WORK TASK »
Your answer must be an exact copy of the data below, minus any pictures.

[DATA EXCERPT — start]

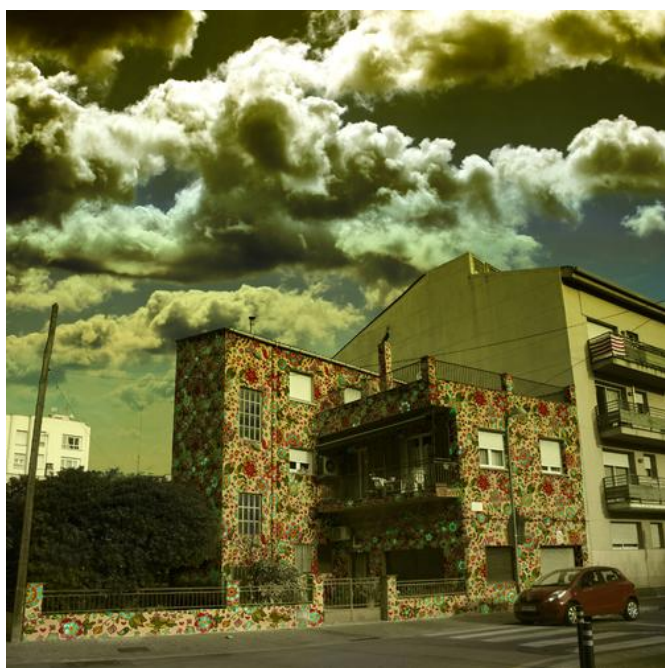
Manel Bayo, Cop de flors , vidéo, couleur, son, 10', 2014
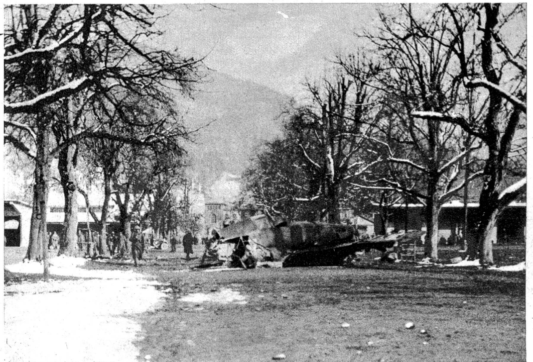
Ein Jagdflugzeug stürzt bei der Landung auf der Thuner Allmend infolge Geschwindigkeitsverlustes auf den Übungsplatz einer Artillerierekrutenschule ab. Eine Gruppe am Geschütz über der Rekruten wurde getroffen. Vier Mann wurden auf der Stelle getötet und der Fünfte starb nach der Einlieferung ins Krankenhaus. — Wir zeigen eine Aufnahme der Unfallstelle mitten in einer Baumallee. Die Maschinentrümmern des abgestürzten Jagdflugzeuges sind erkennbar. (Zensur-Nr. VI B 1176)
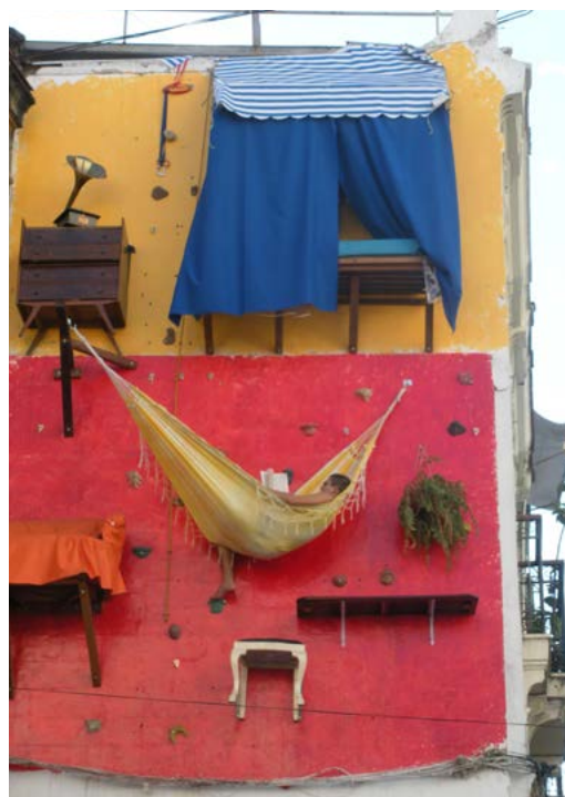
Figuras 8, 9 e 10. Chuvaverão, Cidade Dormitório e À Parede. Data: maio de 2014 / maio de 2007 / junho de 2009. Lugar: Galeria A Gentil Carioca, Centro, Rio de Janeiro

[DATA EXCERPT — finish]

ANSWER BOX »
Manel Bayo, Cop de flors , vidéo, couleur, son, 10', 2014
Ein Jagdflugzeug stürzt bei der Landung auf der Thuner Allmend infolge Geschwindigkeitsverlustes auf den Übungsplatz einer Artillerierekrutenschule ab. Eine Gruppe am Geschütz über der Rekruten wurde getroffen. Vier Mann wurden auf der Stelle getötet und der Fünfte starb nach der Einlieferung ins Krankenhaus. — Wir zeigen eine Aufnahme der Unfallstelle mitten in einer Baumallee. Die Maschinentrümmern des abgestürzten Jagdflugzeuges sind erkennbar. (Zensur-Nr. VI B 1176)
Figuras 8, 9 e 10. Chuvaverão, Cidade Dormitório e À Parede. Data: maio de 2014 / maio de 2007 / junho de 2009. Lugar: Galeria A Gentil Carioca, Centro, Rio de Janeiro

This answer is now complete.